Is fourteen years 'enough?

Even the most dedicated supporters say the big extractive industries need fundamental change.

Raúl Párica is a leader in the pro-Chávez oil workers union. He rattled off a list of complaints about the state oil company, PDVSA, including inefficiency, bureaucracy, and corruption. He still says he'll vote for Chávez, but that crime is an epidemic. The PSUV party is infested with opportunists with no social conscience, he says. What is needed is deeper, cultural change — a "cultural revolution." Fourteen years isn't enough time to change a culture that developed over a century, Párica says.

And Chávez's diminished support here won't all translate into more votes for challenger Capriles. Jose Bodas, a plant operator and union leader with the state oil company, moved away from the president in 2007, and today he is supporting Orland Chirinos, a little-known third-party candidate, saying that Capriles is fundamentally a representative of the business class, and won't support workers.

Shifting politics at the state oil company violates one of Chávez's primary goals, which is to keep the country's oil out of the hands of the US and the local opposition, whom he calls "lackeys." But there is no sign of another round of political purges at the company, which went on strike against the president's policies ten years ago, driving up oil prices worldwide.

Not all want ‘change’

One irony of the race is that the self-proclaimed revolutionary is now a conservative choice, attracting support from people who have gained under his administration and now fear losing their piece of the pie — be it a lucrative contract, a basic job, or something as small as a handouts of inexpensive meat and milk.
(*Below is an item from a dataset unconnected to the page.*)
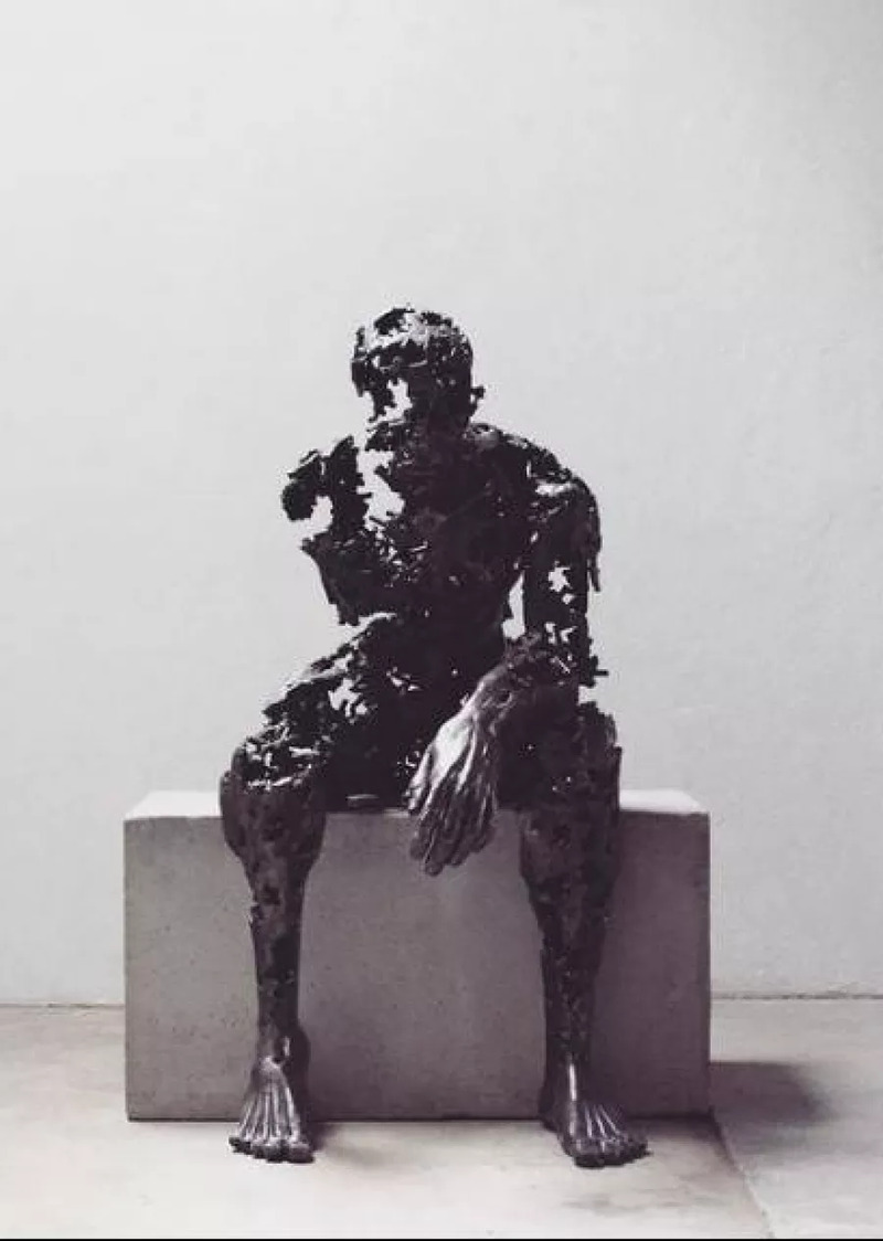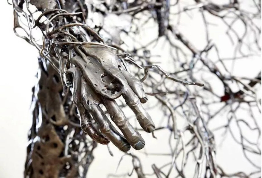 لطالما انجذب الفنان إلى التعامل مع هذه الأنواع من المفاهيم في عمله، تلك التي تفضح هشاشة الجسد وكيف تؤثر التغييرات الدقيقة والجذرية فيه، حيث تقطع الفروع والأجزاء الهندسية والمساحات العارية الأشكال غير الموصوفة المتطارية ، وتعمل بمثابة استعارة لعدم استقرارها العقلي والجسدي ، والذي يعبر عنه من خلال الحالة غير المستقرة لمنحوتاته الفولاذية الكاسحة، فتجتمع الأعمال المجزأة والمتضخمة بين المواد التي لا تتزعزع مع الحركة المتأصلة في أوضاع الشخصيات وأشكال ملابسهم. كل جسم من أجسادهم غير مكتمل ، سواء من خلال طرف متطاير أو فجوة في مساحة الجسد، أو جزيئات متباعدة أو متلاصقة أو متطايرة حتى التلاشي.

Chávez won in 1998 as the candidate of hope and change, but he is now an institution.

Adriana Marin says she has friends who will vote for the president because their parents are doing much better under Chávez than they had under prior administrations. She says she'll support Capriles because she says Venezuela is becoming less free compared to other countries in the region.
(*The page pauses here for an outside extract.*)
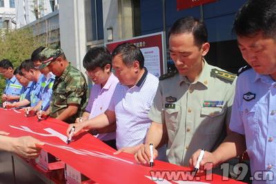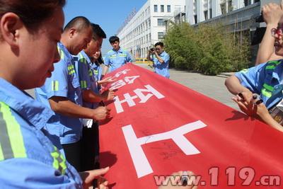 演练开始前,近百名企业员工纷纷在书写有“生命至上安全发展”的红色横幅上,郑重的签下自己的名字,表明了自己将时刻关心关注安全,共同预防安全事故的坚定决心和承诺。

Ms. Marin isn't alone. Capriles has hooked many supporters with his message of change. When he closed out his campaign in the region Tuesday, tens of thousands of supporters turned out. He told them he would halt the politicization of state enterprises and the current policy of pressuring workers to contribute one day of salary per month to the governing political party.

Chávez, who is recovering from cancer, didn't show up to his own campaign-closing ceremony here, instead saving energy for a rally yesterday in Caracas that was likely the biggest of the campaign. There, he responded to those who say he hasn't fulfilled long-standing promises, telling the crowd he’ll be more "efficient."